Brain death — the key concept
- Brain death = irreversible loss of all brain function. It is clinically and legally death — different from coma or vegetative state.
- In India, brain death is diagnosed under strict criteria by a team of four doctors (including a neurologist/neurosurgeon not part of the transplant team), tested twice at intervals.
- The family's consent for organ donation after brain death saves lives that would otherwise be lost.
How to register as a donor in India
- Pledge online at the NOTTO website (National Organ and Tissue Transplant Organization) — free and legally recognised.
- Tell your family. In India, the family's decision at the time of death is what matters practically — even if you pledged, they are the ones who will sign.
- Some states issue donor cards/stickers.
- Driving licences in several states now include an organ-donor option — use it.

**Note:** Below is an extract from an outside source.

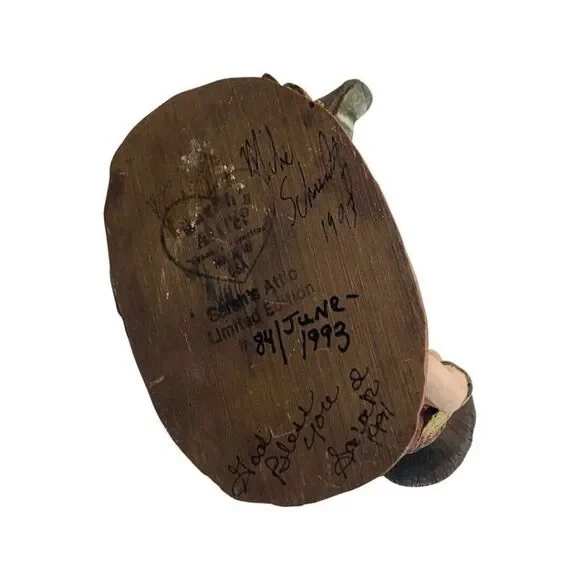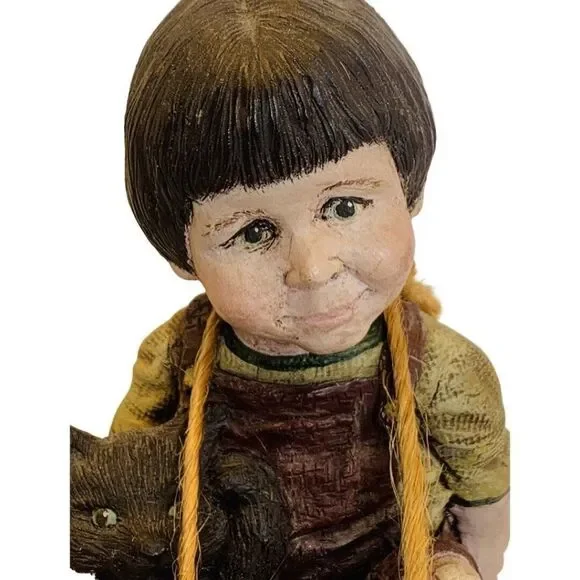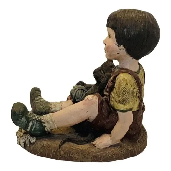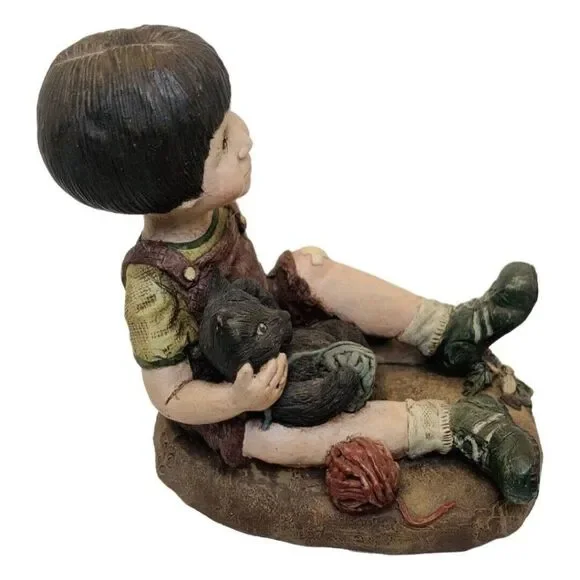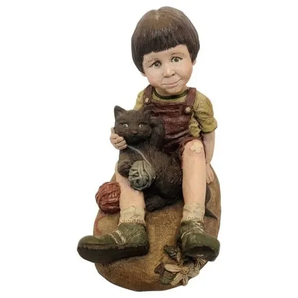 Vintage Sarah’s Attic Stretch Girl Sitting With Black Cat And Ball Yarn FigurineSuper cute Limited Edition Little brown hair girl named Stretch sitting on the ground with her black kitty cat and yarn balls .Rare #84 out of 3000 made signed by both the artist and her husband . Sarah’s Attic was a popular line of figurines and Snowonders snow globes in the 1980’s- 1990s, and the phenomenon actually began on the dining room table of the Schultz home in Chesaning, MI. In 1983, Sarah Schultz was managing the gift department in her husband's pharmacy The Schultz Country Pharmacy , where she was also selling her own hand-made creations Sarah';s Attic Collectibles each with Limited Edition designs .Each figurine was handmade and hand painted. My items are Authentic , and were directly purchased from the pharmacy . I have signed/autographed pieces from Sarah herself , as well as her original work samples, and low numbered Limited Edition pieces . Check out my whole collection for sale in my shop. Sarah’s AtticGreat condition see photos Limited Edition / Stretch#84 out of 3000 made 3 5/8in HX2.5in W.X 3.5in HWeight: 8oz1990Autographed by artist & her husband Ships from a pet & smoke free facility MADE IN USA

- Corneal donation is particularly easy and has a very short time window (6 hours after death); eye banks collect at home.
Common myths (all wrong)
- "If I pledge, doctors won't save me." — Doctors are ethically and legally obligated to treat you fully; organ donation only comes into consideration after death.
- "My religion forbids donation." — All major religions practised in India (Hinduism, Islam, Christianity, Sikhism, Jainism, Buddhism) support or permit donation as an act of saving life.
- "I'm too old / too sick." — Age and many medical conditions do not automatically exclude donation; the transplant team decides organ by organ.
- "Donation disfigures the body." — Donation is done like any surgery, and the body is returned to the family for normal funeral rites.
Living donation — regulated
- Close relatives only, with legal authorisation. Commercial donation is illegal under the Transplantation of Human Organs and Tissues Act.
- Living kidney donation and partial-liver donation are safe for carefully selected, thoroughly evaluated donors.
- Follow-up care for the donor is part of the programme.